Given material:
Content starts
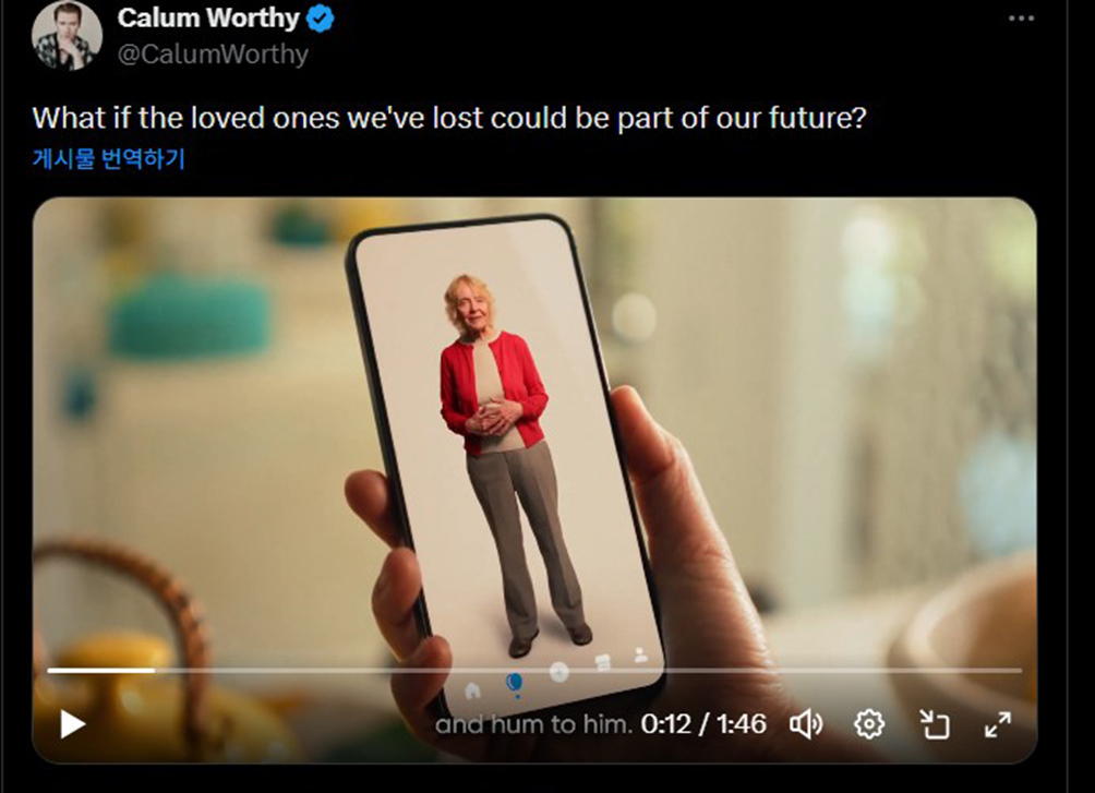 지난해 11월 한 AI 기업은 사용자가 영상과 음성 자료를 이용해 사랑하는 사람들의 생전 모습을 디지털로 구현하는 앱을 발표했다. 앱 공동 개발자인 칼럼 워디는 SNS에서 “이 기술이 우리가 잃은 사랑하는 사람들을 미래 일부가 되도록 해줄 수 있다”고 밝혀 주목을 받았다. 그러면서 한 가족이 돌아가신 할머니의 디지털 영상과 수년 동안 소통하는 모습을 담은 영상을 공개했다.
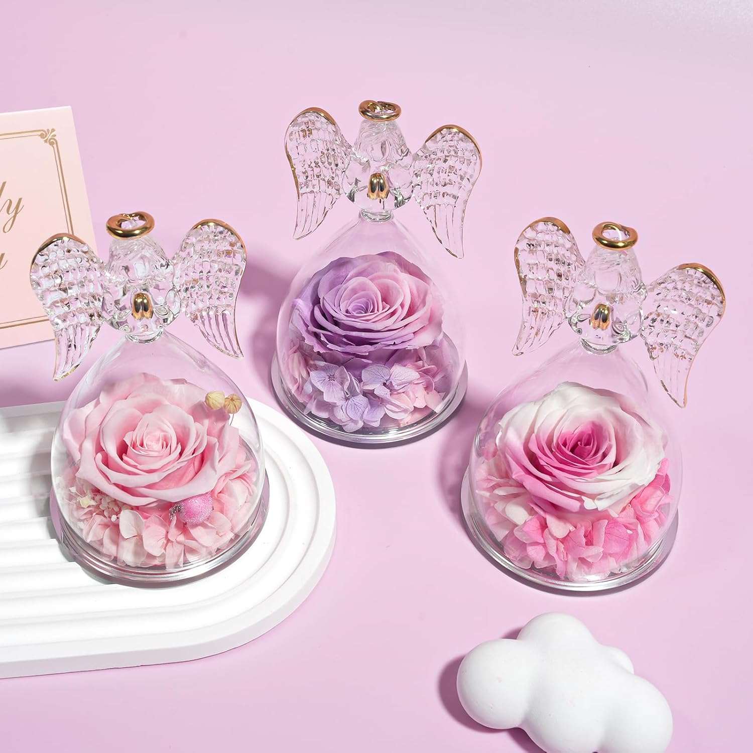 - Our angel figure forever real rose is made with unique preservation process, which can last 3-5 year, you just need to put the angel preserved flowers rose gift in a cool place, no need watering and sunlight.
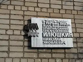 В честь Илюшкина Николая Яковлевича открыты две мемориальные доски[11] ( решение облисполкома 254 от 27.05.1985 г. и решение облисполкома 392 от 12.08.1985 г. - КАУ ВО "Государственный архив Вологодской области[12]"), в домах где он жил: в поселке Тоншалово[13] и в деревне Плосково Череповецкого района, Вологодской области.
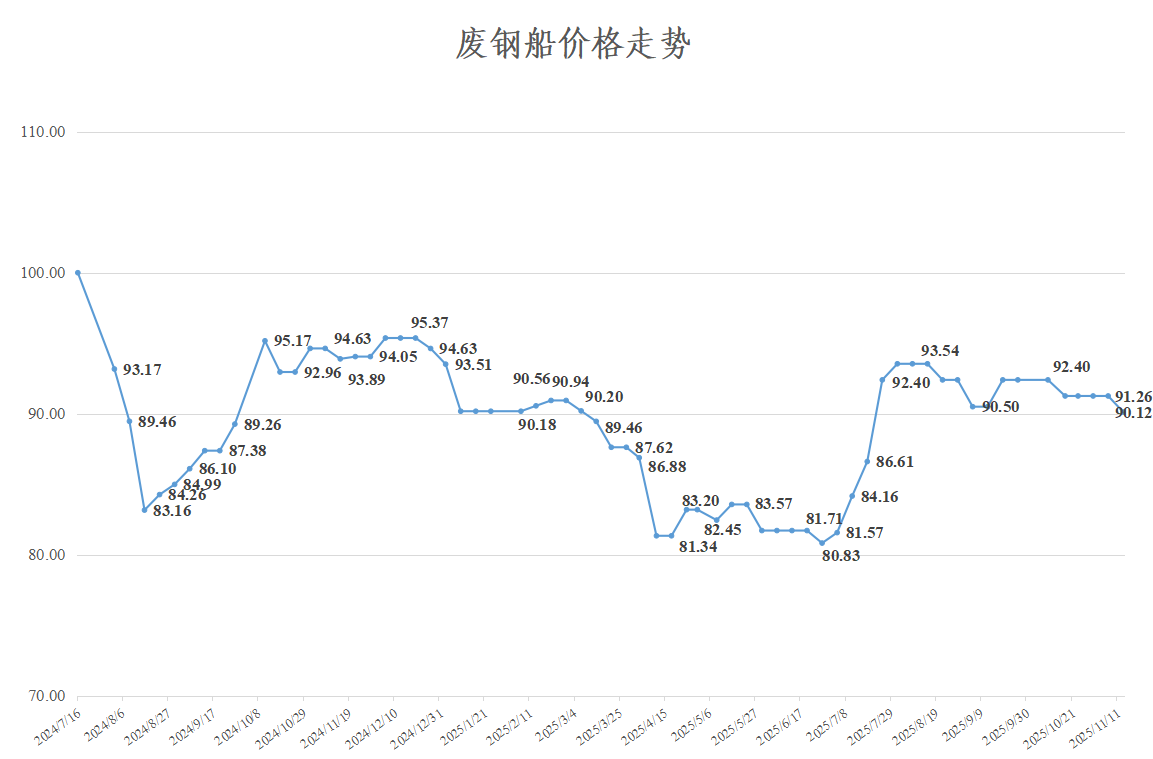 本期废钢船偏弱运行,环比下降1.25%,同比下降4.02%。本期黑色期货震荡分化,螺纹钢价格先抑后扬。钢厂生产积极性受挫,电弧炉钢厂持续亏损。废钢供需双弱凸显,价格走弱,市场情绪较谨慎。其中,内河废钢船价走势环比下降1.22%,同比下降4.13%;沿海废钢船价走势环比下降1.33%,同比下降3.65%。
Content ends
Exercise requirements:
Omit each picture, then return all of the listing exactly as it stands.

Your response:
 지난해 11월 한 AI 기업은 사용자가 영상과 음성 자료를 이용해 사랑하는 사람들의 생전 모습을 디지털로 구현하는 앱을 발표했다. 앱 공동 개발자인 칼럼 워디는 SNS에서 “이 기술이 우리가 잃은 사랑하는 사람들을 미래 일부가 되도록 해줄 수 있다”고 밝혀 주목을 받았다. 그러면서 한 가족이 돌아가신 할머니의 디지털 영상과 수년 동안 소통하는 모습을 담은 영상을 공개했다.
 - Our angel figure forever real rose is made with unique preservation process, which can last 3-5 year, you just need to put the angel preserved flowers rose gift in a cool place, no need watering and sunlight.
 В честь Илюшкина Николая Яковлевича открыты две мемориальные доски[11] ( решение облисполкома 254 от 27.05.1985 г. и решение облисполкома 392 от 12.08.1985 г. - КАУ ВО "Государственный архив Вологодской области[12]"), в домах где он жил: в поселке Тоншалово[13] и в деревне Плосково Череповецкого района, Вологодской области.
 本期废钢船偏弱运行,环比下降1.25%,同比下降4.02%。本期黑色期货震荡分化,螺纹钢价格先抑后扬。钢厂生产积极性受挫,电弧炉钢厂持续亏损。废钢供需双弱凸显,价格走弱,市场情绪较谨慎。其中,内河废钢船价走势环比下降1.22%,同比下降4.13%;沿海废钢船价走势环比下降1.33%,同比下降3.65%。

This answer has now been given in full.